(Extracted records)

[Start of Attachment]

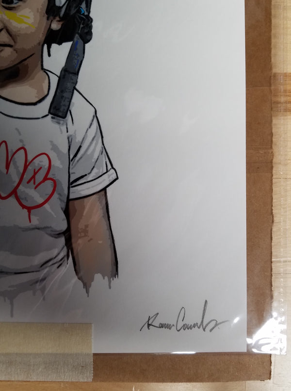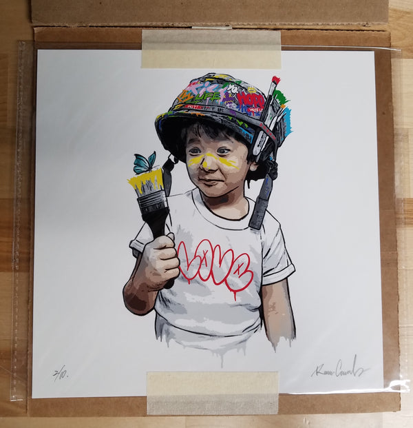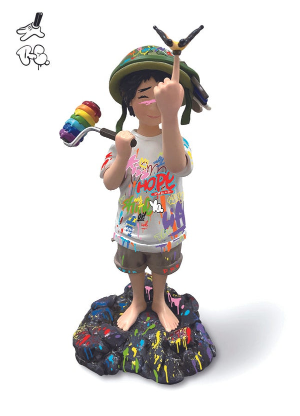 Title: Roamcouch "Bomber Boy" (sculpture and print)Artist: Roamcouch x Silent Stage GalleryEdition: 2022 Resin Sculpture + Mini Print xx/10, signed and numbered by the artistSize: Sculpture - 9" tallMini Print - 8" x 8 inches"
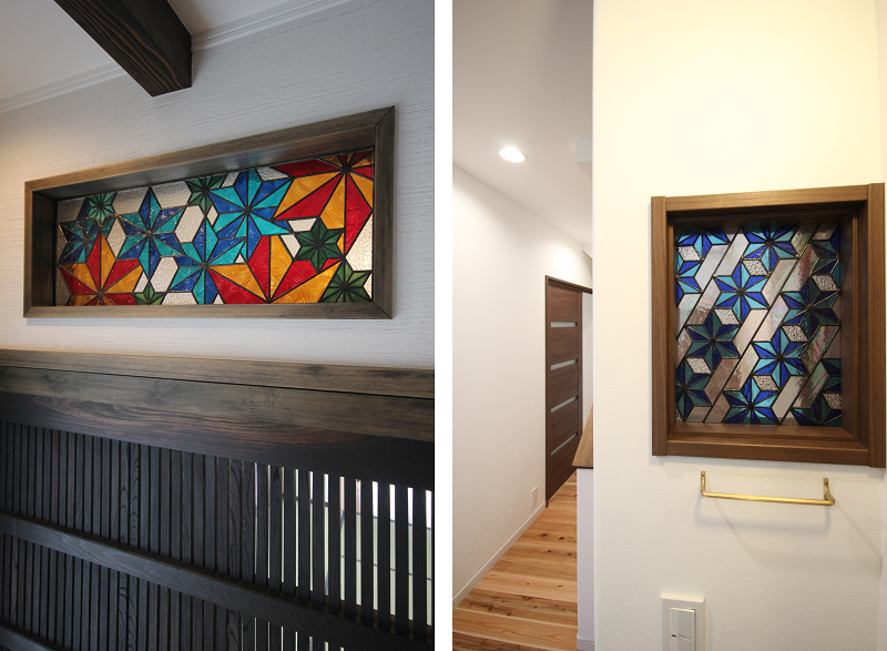 このステンドグラスは両方とも市販のものではなく、新築工事に合わせて同時進行で製作したものです。
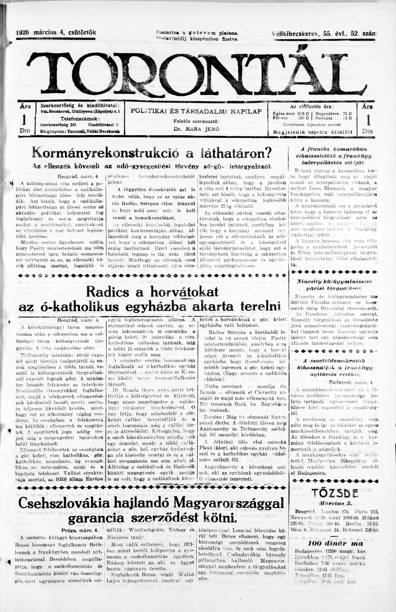Torontál, 55. évf. 1926. március 4. 52. sz.
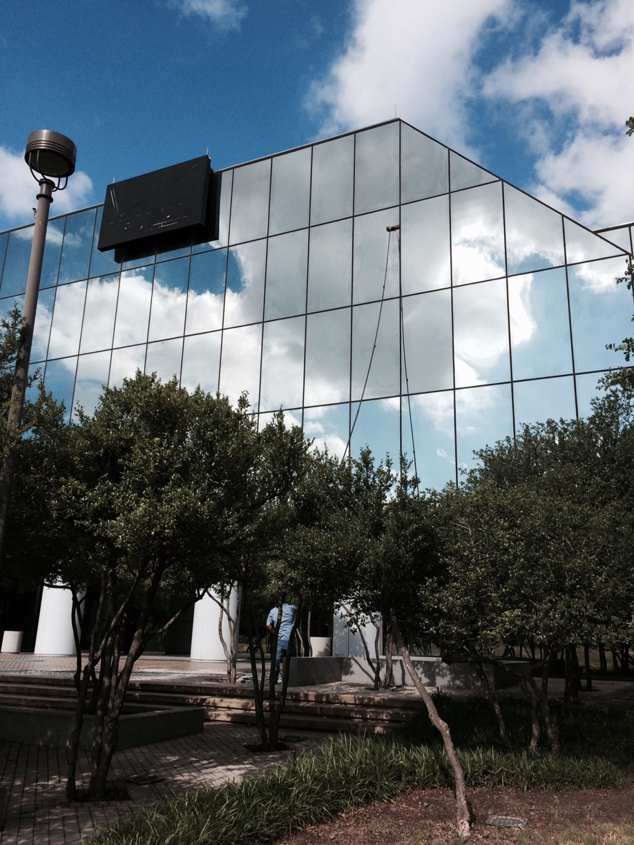 Glass Building Exterior Windows Clean Up in Dallas, Texas
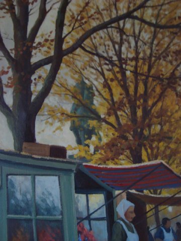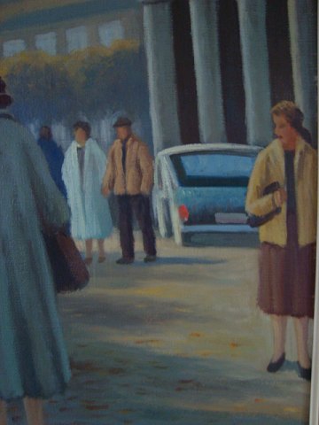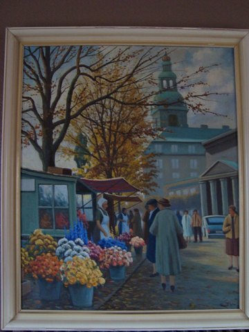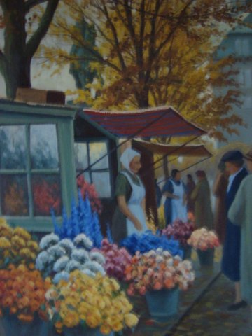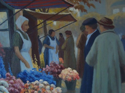 Maleri af Chr. Jensen Virklund - Blomstersælgerne ved Christiansborg Slotskirke.

[End of Attachment]

Write out the records once more, exactly as they stand, with no images.

[EXPECTED OUTPUT]:
 Title: Roamcouch "Bomber Boy" (sculpture and print)Artist: Roamcouch x Silent Stage GalleryEdition: 2022 Resin Sculpture + Mini Print xx/10, signed and numbered by the artistSize: Sculpture - 9" tallMini Print - 8" x 8 inches"
 このステンドグラスは両方とも市販のものではなく、新築工事に合わせて同時進行で製作したものです。
Torontál, 55. évf. 1926. március 4. 52. sz.
 Glass Building Exterior Windows Clean Up in Dallas, Texas
 Maleri af Chr. Jensen Virklund - Blomstersælgerne ved Christiansborg Slotskirke.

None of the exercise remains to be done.